The London Times
A Silent Ovation - January 19, 1996
Posted: 2002-08-26 17:48:56
THE TIMES - FRIDAY, JANUARY 19, 1996
A Silent Ovation
Benjamin Zander, like most conductors in the United States, is hot on verbal as well as musical communication. His performance of Mahler's Ninth Symphony with the Philharmonic was preceded by a full hour's talk; and in place of programme notes, which Mahler abhorred anyways, there was a long and wise essay of his own.
The real communication began, though, when the baton was raised. Zander now founder-director of the Boston Philharmonic, made his mark on British audiences for the first time last year in Mahler's Sixth at the Barbican. And to welcome him back is to wonder how we ever lost him; for this fine conductor is British born and bred until Boston wooed him.

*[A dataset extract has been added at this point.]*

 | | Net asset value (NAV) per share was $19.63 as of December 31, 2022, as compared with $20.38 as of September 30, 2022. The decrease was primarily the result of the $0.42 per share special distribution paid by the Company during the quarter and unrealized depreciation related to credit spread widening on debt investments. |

In physical precision and metaphysical vision he has filled the gap left by Klaus Tennstedt in his illness. Yet temperamentally Zander seems to share more with Sir Colin Davis. He does not live on the music's nerve but rather broadly and far-sightedly through his emotions, shaped by the music's breath and pulse. I should love to watch him rehearse to see how he obtained that veiled valediction to song in the voices of the second violins and cellos in the symphony's opening: to track his work balancing so finely the equal and individual voices in this least-instrumentally hierarchical of scores.
The second movement, that petrified Laendler from a dying Vienna was minutely imagined in its every twitch of movement and sound. Zander's pacing left it with just enough of a swing to seem a real dance, even if this was a dance of death.

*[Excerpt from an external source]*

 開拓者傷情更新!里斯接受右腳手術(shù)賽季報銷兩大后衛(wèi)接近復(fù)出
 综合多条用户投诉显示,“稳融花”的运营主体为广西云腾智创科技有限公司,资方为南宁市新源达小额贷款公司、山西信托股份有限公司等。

The Rondo-Burleske which follows can sound more menacing than the Philharmonia allowed it to on Wednesday. But the clarity and deceptive lilt of Zander's tempo released its own strange joy, one that revealed only the horrors of happiness. The packed Barbican Hall held its breath at the start of the final adagio. Here was a near perfect transition of pace, timbre, and dynamics from the opening, agonized violin's sigh to that great abide-with-me of a chorale which dominates the movement.

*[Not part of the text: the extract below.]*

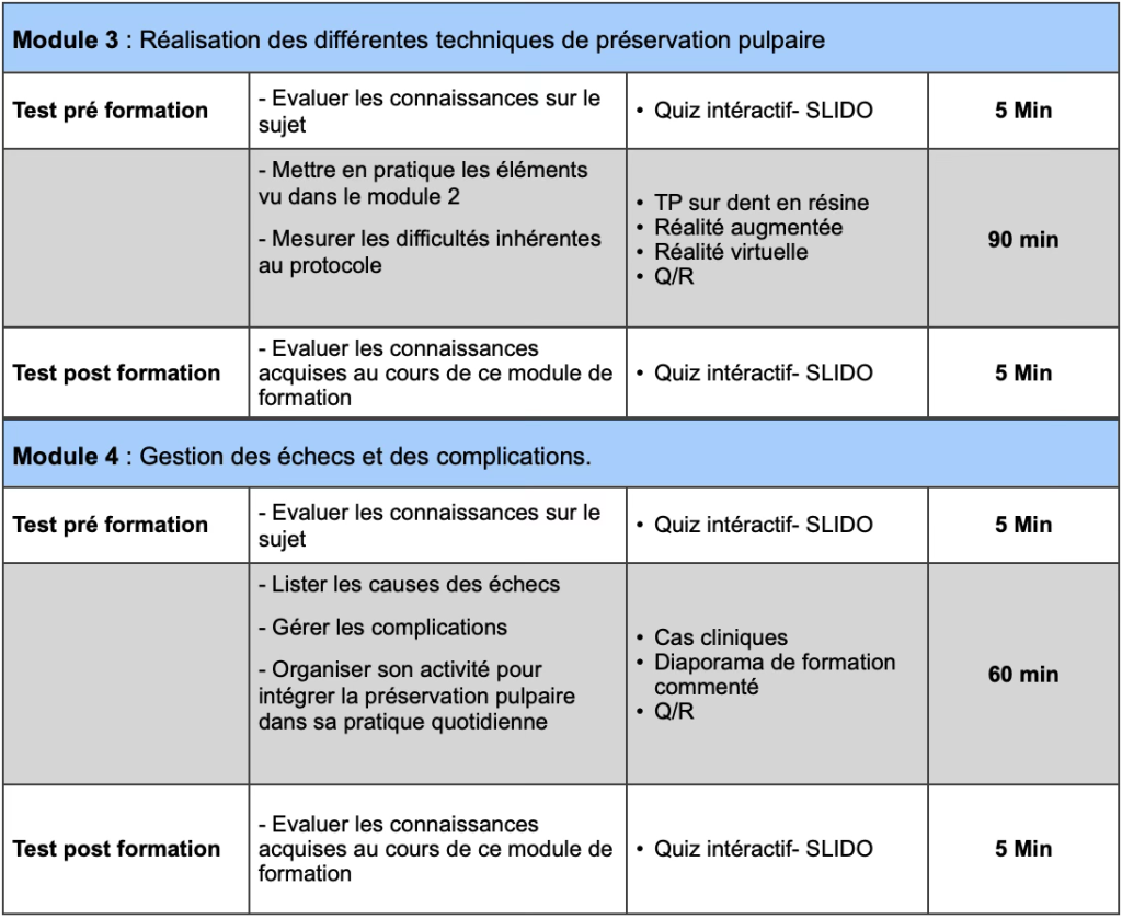 Module 2 : Description des différentes techniques de préservation pulpaire Test pré formation – Evaluer les connaissances sur le sujet Quiz intéractif- SLIDO 5 Min Citer les pré-requis à la réalisation d’un soin de préservation pulpaire Exécuter les différents protocoles. Argumenter son choix de biomatériau Organiser son environnement de travail selon les techniques Diaporama de formation commenté Réalité Augmentée Réalité Virtuelle Jeu pédagogique Cas cliniques commentés Q/R 90 min Test post formation – Evaluer les connaissances acquises au cours de ce module de formation Quiz intéractif- SLIDO 5 min

As shadows of the Wunderhorn songs and Urlicht flicker from Mahler's earlier symphonies the listener is left in no doubt - from verbal reflection alone - that this is the loneliness of the soul which is speaking. As its physical life fades in the last bars, the Philharmonia played with the concentration of the finest of chamber ensembles. And even when bow and baton had given the license for applause, there was the deepest, longest silence this hall may have ever heard.